■ Problem to solve ■
Please output the records below in full, exactly as given, but without the images.

■ Record extracts ■
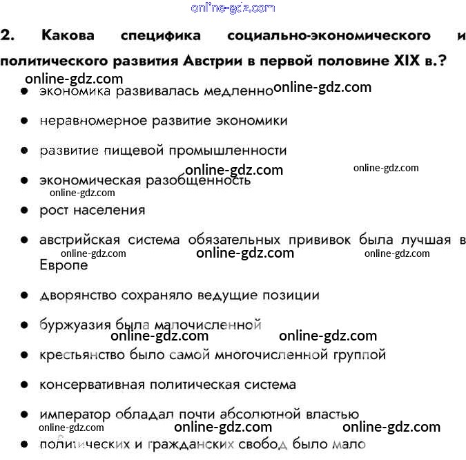 Готовые домашние задания по Истории за 9 класс Учебник Юдовская, Баранов 2019 - Вопросы §13. Монархия Габсбургов и Балканы в первой половине XIX в. 2
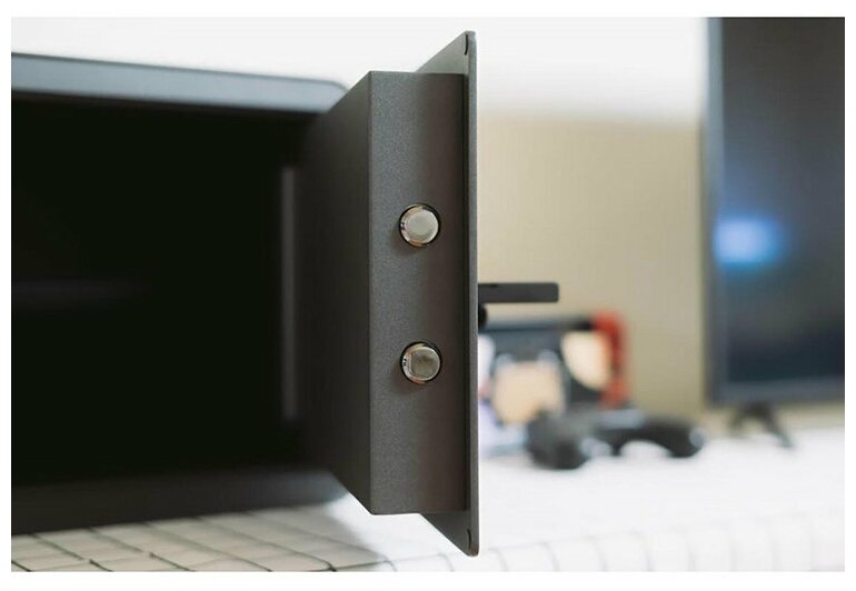 | Плюсы: | Стильный дизайн. На лицевой панели не видно ни цифр (включаются от легкого прикосновения)ни замочной скважины (нужно надавить на крышечку). Смотрится великолепно. Сейф при правильном наборе кода открывает сам дверь, затем напоминает, что не закрыт. Есть полка, которая отделана материалом, чтобы не гремело о металл. Открывается ключом или кодом сразу, на отпечаток в 80% не реагирует, может, что-то сделал не так. |
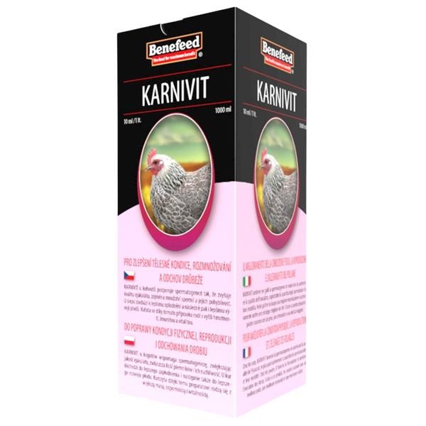 KARNIVIT u kohoutů podporuje spermatogenezi, protože zvyšuje kvalitu ejakulátu, zejména množství spermií a jejich pohyblivost. U slepic dochází k lepšímu oplodnění a následně pak i lepšímu vývoji plodů. Kuřata se díky KARNIVITu rodí s vyšší hmotností, imunitou a vitalitou, což se pozitivně projevuje na jejich zdravotním stavu a vývoji v dalším období jejich života.
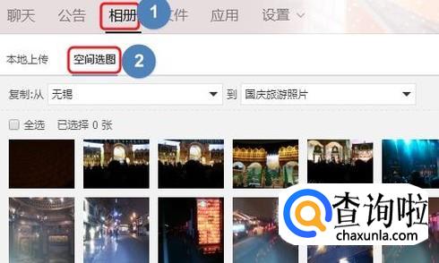 我们可以随意创建一个,创建好群之后点击打开聊天窗口,我们会在上方看到一项“相册”,对应的页面右侧有一项“上传照片”,如图二所示...
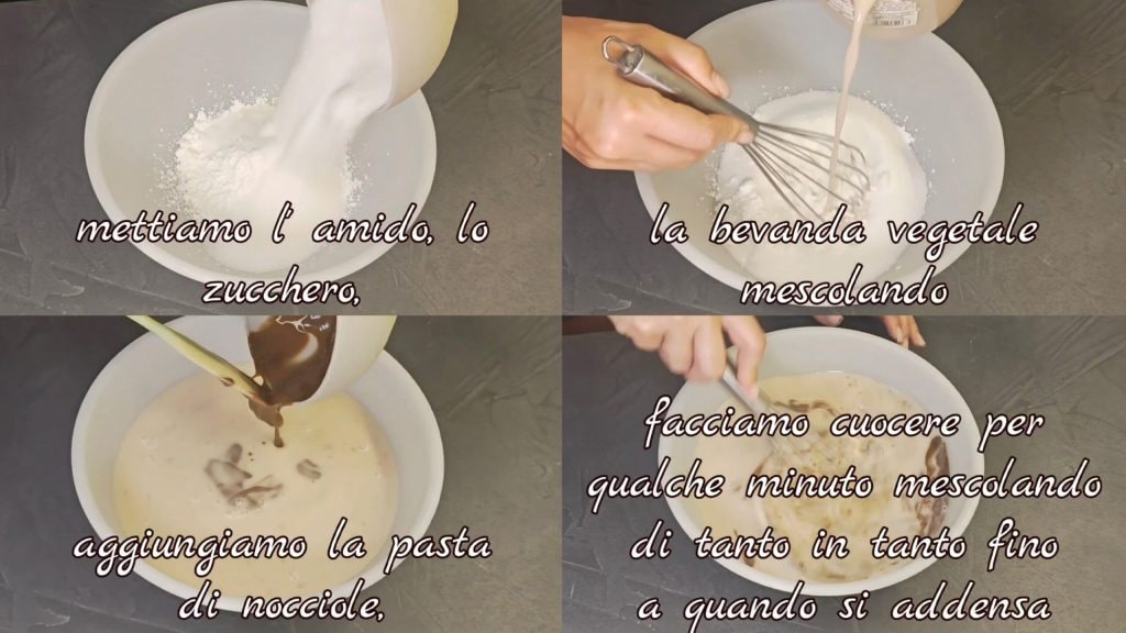 In einer Schüssel mischen wir die Stärke, den Zucker und das pflanzliche Haselnussgetränk. Wir fügen die Haselnusspaste hinzu und lassen sie einige Minuten eindicken. Sie können den Herd oder die Mikrowelle verwenden und die Creme jede Minute herausnehmen, um sie umzurühren.
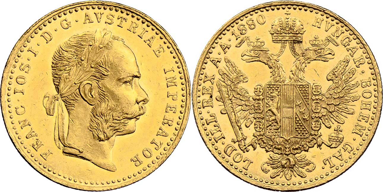 Dukát 1880, 3.490g, nep.hr., patina
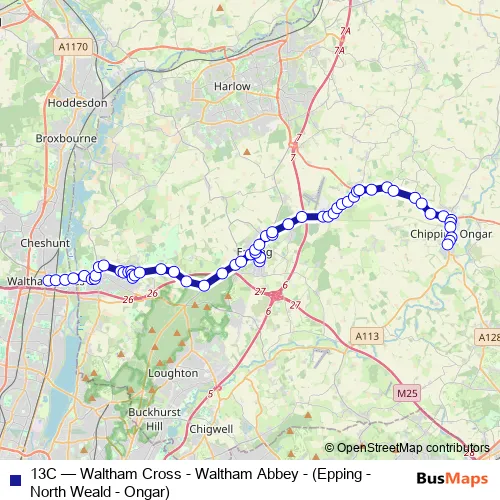 Click here to view the nearest 13C - Waltham Cross - Waltham Abbey - (Epping - North Weald - Ongar) bus stop.
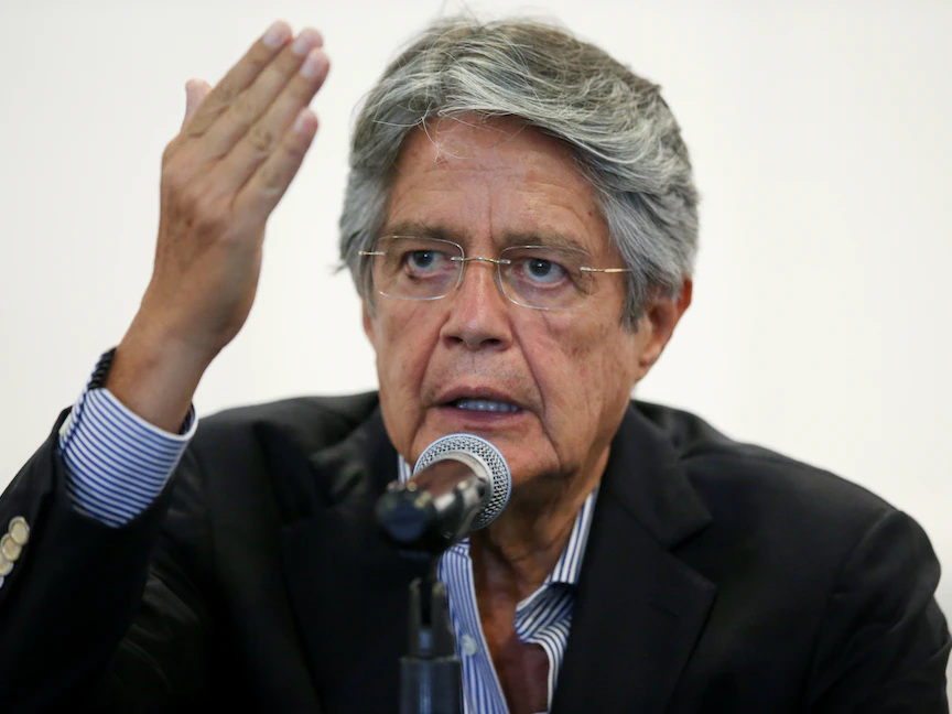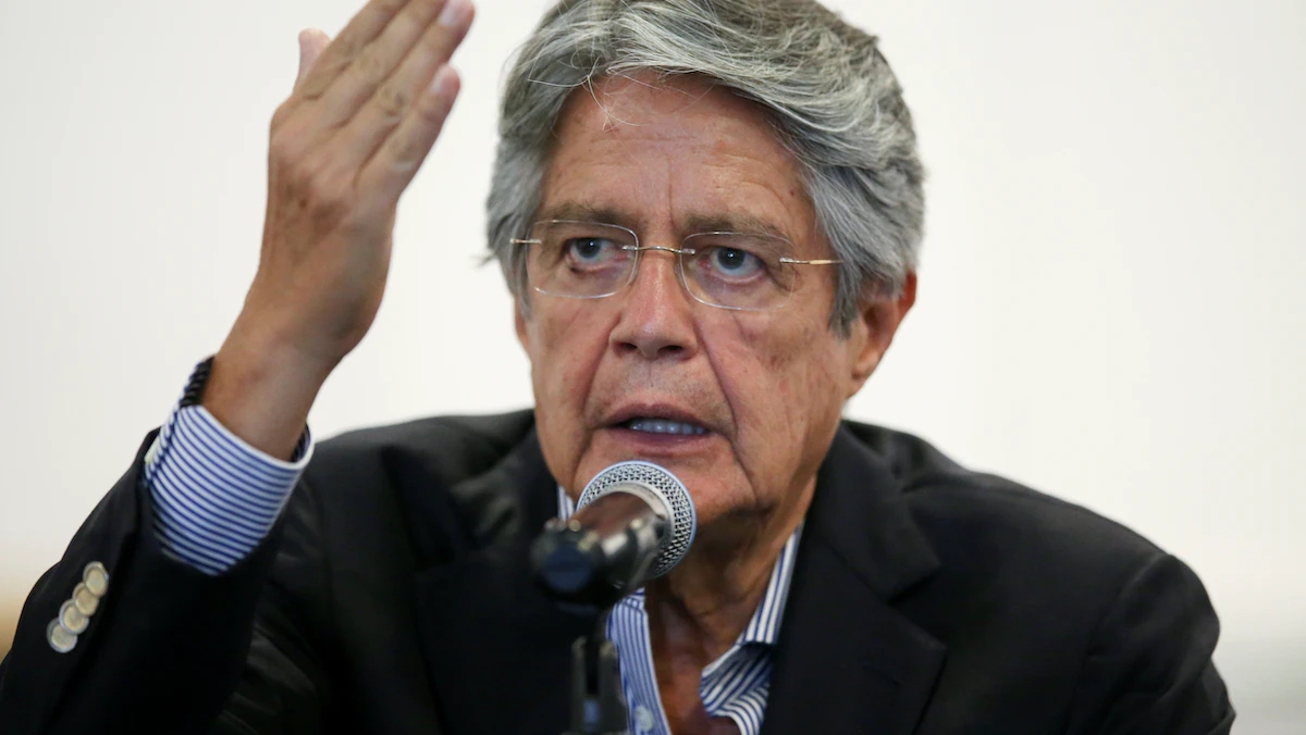 الرئيس الإكوادوري غييرمو لاسو خلال مؤتمر صحافي في كيتو - 12 أبريل 2021 - REUTERS
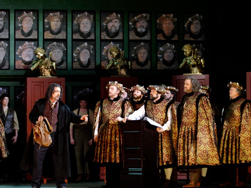 歌剧《纽伦堡的名歌手》。阿多诺以《名歌手》中出现的众赞歌片段为例,信仰在被引用前的状态中不需要任何特意的强调,但是在瓦格纳式整体艺术中出现时,情况发生改变了,由于身处不同的时空环境中(阿多诺特别强调:这是《特里斯坦与伊索尔德》前奏曲“作为新潮的创作”已经出现后的年代),为了不使旧有的内容在形式上过时和陈腐,瓦格纳必须添加特意的强调性,比如加大配器的强度、强调对比表达、或是用九和弦等刺激性的和弦走向挤压旋律原有的表达效果。将外在的内容修饰成各种的音响效果,从而“一致性”地站在一起,这就是阿多诺指责的瓦格纳式引用,无论主导动机的强调,还是民歌、圣咏的借用都是如此。这样一来,原本表达信仰的音乐失去了信仰,变成了“快看吧!我可是有信仰的!”这就是阿多诺所谓“法利赛”的来源——仿佛僧侣在布道时的缺乏真诚。是否真诚在常识中经常作为艺术性和所谓“商业庸俗”的分界线之一,当瓦格纳爱好者将其作品视为极致严肃的艺术时,阿多诺反而在批判轻音乐和物质现代性的文章中将其作为讨伐对象之一。瓦格纳和德奥浪漫派“引用性”的音乐使用,被阿多诺用“反巴赫的庸俗”来批判。而贝多芬在阿多诺的解释体系下,一方面被视为对照瓦格纳的相对肯定,另一方面却与巴赫形成对照,此时贝多芬作为瓦格纳时代必将到来的征兆性现象而被阿多诺批判。阿多诺本人作为一个被黑格尔和历史进步论影响过的思想家,本人却通过另一个反面对历史走向提供了新的观察视野:所谓历史进步和新德意志派念念不忘的崇高,只是19世纪工商社会和小布尔乔亚世界对艺术史的异化,贝多芬的伟大反而无意间为这个异化提供了纪念碑式的支撑,最终异化的庸俗蜕变为瓦格纳而得以产生了。在此逻辑下,古斯塔夫·马勒的价值并不是新德意志的延续,反而是对这种异化走到瓦格纳的极端后产生了怀疑和讽刺。这种解释模型跳出了风格史的“谁是浪漫主义的极致”,而采用了“谁是异化的极致以及谁不得不走向极致的反面”。我们不得不正视的是:正因为以阿多诺为代表的这类史观出现,在思想层面才相当程度上导致了马勒作品的声望在20世纪六七十年代的忽然崛起。

■ Expected output ■
 Готовые домашние задания по Истории за 9 класс Учебник Юдовская, Баранов 2019 - Вопросы §13. Монархия Габсбургов и Балканы в первой половине XIX в. 2
 | Плюсы: | Стильный дизайн. На лицевой панели не видно ни цифр (включаются от легкого прикосновения)ни замочной скважины (нужно надавить на крышечку). Смотрится великолепно. Сейф при правильном наборе кода открывает сам дверь, затем напоминает, что не закрыт. Есть полка, которая отделана материалом, чтобы не гремело о металл. Открывается ключом или кодом сразу, на отпечаток в 80% не реагирует, может, что-то сделал не так. |
 KARNIVIT u kohoutů podporuje spermatogenezi, protože zvyšuje kvalitu ejakulátu, zejména množství spermií a jejich pohyblivost. U slepic dochází k lepšímu oplodnění a následně pak i lepšímu vývoji plodů. Kuřata se díky KARNIVITu rodí s vyšší hmotností, imunitou a vitalitou, což se pozitivně projevuje na jejich zdravotním stavu a vývoji v dalším období jejich života.
 我们可以随意创建一个,创建好群之后点击打开聊天窗口,我们会在上方看到一项“相册”,对应的页面右侧有一项“上传照片”,如图二所示...
 In einer Schüssel mischen wir die Stärke, den Zucker und das pflanzliche Haselnussgetränk. Wir fügen die Haselnusspaste hinzu und lassen sie einige Minuten eindicken. Sie können den Herd oder die Mikrowelle verwenden und die Creme jede Minute herausnehmen, um sie umzurühren.
 Dukát 1880, 3.490g, nep.hr., patina
 Click here to view the nearest 13C - Waltham Cross - Waltham Abbey - (Epping - North Weald - Ongar) bus stop.
 الرئيس الإكوادوري غييرمو لاسو خلال مؤتمر صحافي في كيتو - 12 أبريل 2021 - REUTERS
 歌剧《纽伦堡的名歌手》。阿多诺以《名歌手》中出现的众赞歌片段为例,信仰在被引用前的状态中不需要任何特意的强调,但是在瓦格纳式整体艺术中出现时,情况发生改变了,由于身处不同的时空环境中(阿多诺特别强调:这是《特里斯坦与伊索尔德》前奏曲“作为新潮的创作”已经出现后的年代),为了不使旧有的内容在形式上过时和陈腐,瓦格纳必须添加特意的强调性,比如加大配器的强度、强调对比表达、或是用九和弦等刺激性的和弦走向挤压旋律原有的表达效果。将外在的内容修饰成各种的音响效果,从而“一致性”地站在一起,这就是阿多诺指责的瓦格纳式引用,无论主导动机的强调,还是民歌、圣咏的借用都是如此。这样一来,原本表达信仰的音乐失去了信仰,变成了“快看吧!我可是有信仰的!”这就是阿多诺所谓“法利赛”的来源——仿佛僧侣在布道时的缺乏真诚。是否真诚在常识中经常作为艺术性和所谓“商业庸俗”的分界线之一,当瓦格纳爱好者将其作品视为极致严肃的艺术时,阿多诺反而在批判轻音乐和物质现代性的文章中将其作为讨伐对象之一。瓦格纳和德奥浪漫派“引用性”的音乐使用,被阿多诺用“反巴赫的庸俗”来批判。而贝多芬在阿多诺的解释体系下,一方面被视为对照瓦格纳的相对肯定,另一方面却与巴赫形成对照,此时贝多芬作为瓦格纳时代必将到来的征兆性现象而被阿多诺批判。阿多诺本人作为一个被黑格尔和历史进步论影响过的思想家,本人却通过另一个反面对历史走向提供了新的观察视野:所谓历史进步和新德意志派念念不忘的崇高,只是19世纪工商社会和小布尔乔亚世界对艺术史的异化,贝多芬的伟大反而无意间为这个异化提供了纪念碑式的支撑,最终异化的庸俗蜕变为瓦格纳而得以产生了。在此逻辑下,古斯塔夫·马勒的价值并不是新德意志的延续,反而是对这种异化走到瓦格纳的极端后产生了怀疑和讽刺。这种解释模型跳出了风格史的“谁是浪漫主义的极致”,而采用了“谁是异化的极致以及谁不得不走向极致的反面”。我们不得不正视的是:正因为以阿多诺为代表的这类史观出现,在思想层面才相当程度上导致了马勒作品的声望在20世纪六七十年代的忽然崛起。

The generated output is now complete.